Zgadzam sie z Asia, tylko Ty wiedzialas jaki ma byc efekt koncowy tez tak mam, ze jak sie staram to sie wszystko chrzani, a jak nie, to nagle wszystko swietnie wychodzi. Niedlugo bede testowac ten multicooker i w nim chce piec ciasta moze zastapi moj dziurawy piekarnik
Ehh wrocilam pierwszy dzien po pracy i mam dosc ;(
JEszcze dzis tak obserwuje ze coco lekko kuleje, nawet smiem powiedziec ze od wczoraj. Nie ulatwia fakt ze dalej szaleje... ale lekko utyka na ta lapenke. Zobaczymy jutro, jak nie to sie kopsniemy do weta.
Ehhh jak nie urok...
Mi tez jakos zimno. Zjadlam obiad zacelam czytac cholerna dokumentacje do roboty i zasnelam. Teraz siedze pod kocem, z kubkiem herbaty i sie usiluje zagrzac... Wrrrr
Czesc Fuks kiedys skoczył z szafki jak był malutki i tez wylądowałam z nim u weterynarza, na ogonek spadł i go bolał, dostał przeciwzapalne i antybiotyk.
Obserwuj, powinno przejść, jednakże przy ciągłej zabawie moze to potrwać dłużej. Wpadkami sie nie przejmuj, zdarza sie mistrzom Nikt nie zauważył, a najważniejsza jest atmosfera.
No u Coco to juz 2 taka akcja.... za pierwszym razem w kilka podzin po zastrzyku przeszlo. M. jej teraz pilnuje zeby nie szalala.
Dzieki Martuś :*
Czuje sie wyprana... ale zmotywowałam się by zrobić prańsko i 3/4 prania z kosza na rzeczy do prasowania - wyprasować A teraz wrocilam pod moj kocyk... juz 10...
bylismy z coco u weta... okazuje ise ze to ta sama lapka co zaraz po adopcji....
badanie ze tak powiem paliptacyjne nic nie wykazalo. Nic nie ma zlamanego ani nic. Prawdpoodbnie podczas szalenstw cos sobie naciagnela. Dostala zatrzyk przeciwbolowo zapalny i jutro do kontroli.
Ja padam na pysk jem obiad i chyba ide sie kimnac... obiad.... w sumie to obiado-kolacje.

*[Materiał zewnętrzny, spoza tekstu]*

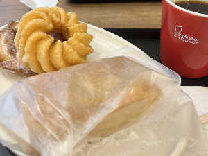 ザクもっちリング スパイシーミート&ポテト【 ¥275 】 ミスドアイスカフェオレ【 ¥308 】

Dzien dobry No to tak jak pisałam, dokładnie ta sama procedura. Przeciwzapalny i przeciwbólowy powinno pomoc Daj jej kilka dni. U kotków nad aktywnych to częste. Zawsze bardzo obserwuje Fuksa, bo Molka to cześciej siedzi/lezy niż biega. A ten to ostatnio nawet na żyrandol skakać próbował wykończy mnie psychicznie Wybaczam mu, bo wlasnie lezy mi na lędźwiach termoforek moj prywatny osobisty puchaty!
No dzis bylo po nocy lepiej choc nie idealnie. Bezdyskusyjnie popoludniu do weta. Wyleczymy mała pchłę
Widze ze na forumpododawali powiadomienia. Fajna opcja bo moze w koncu nie bede miala meaila zawalonego
Coco dzisiaj z nami spala... na mojej poduszcze. Rano jak tylko uslyszala ze sie budzimy to z traktorkiem sie przyszla poprzytulac pod koluderke moja kochna
Dzisiaj dluzej kiblowalismy w pracy ze nei zdazylibysmy obrocic z coco to prosto do weta z jezorem po tabletke... i coz nas spotkalo...
Dostalismy tabletke "gratis" i jedna na zapas gdyby jeszcze jutro kulala to mamy podac jaknie to w pn sie pojawic ale wyglada ze wszytsko powinno byc dobrze, mamy koty dobrze wymiziac... i tyle oplat.... dostalismy porady co do nitki i jej oczka i wogole ... jednak ten wet jest swietny. Ich tam jest kilku ale dwoch jest mega... dzisiaj byl ten co Dixiego usypial... ale... mega dobry lekarz. Wiem ze Dixie byl w dobrych rekach do ostatniej minuty ...
Wrocilam z pracy i jestem jakas taka zdolowana..... nie wiem czemu... cos sie dzieje nie wiem co.... sama z soba....
A i jutro mamy obraz PIxiastego do odbioru Zawisnie:)
Jesienny spadek nastroju? Ja jestem dziś mega zmęczona. Wróciłam z Warszawy od Babci, zaliczyłam między innymi dwie przychodnie, 3 markety (w trzecim już nie miałam siły się rozglądać, to tylko zaczepiałam pracowników i kazałam się kierować w odpowiedni regał, brałam co potrzeba i kolejna łapanka ), a już w NDMie Biedronkę i teraz czekam aż mi się nóżki z kuraka upieką, bo nie mam siły nic robić.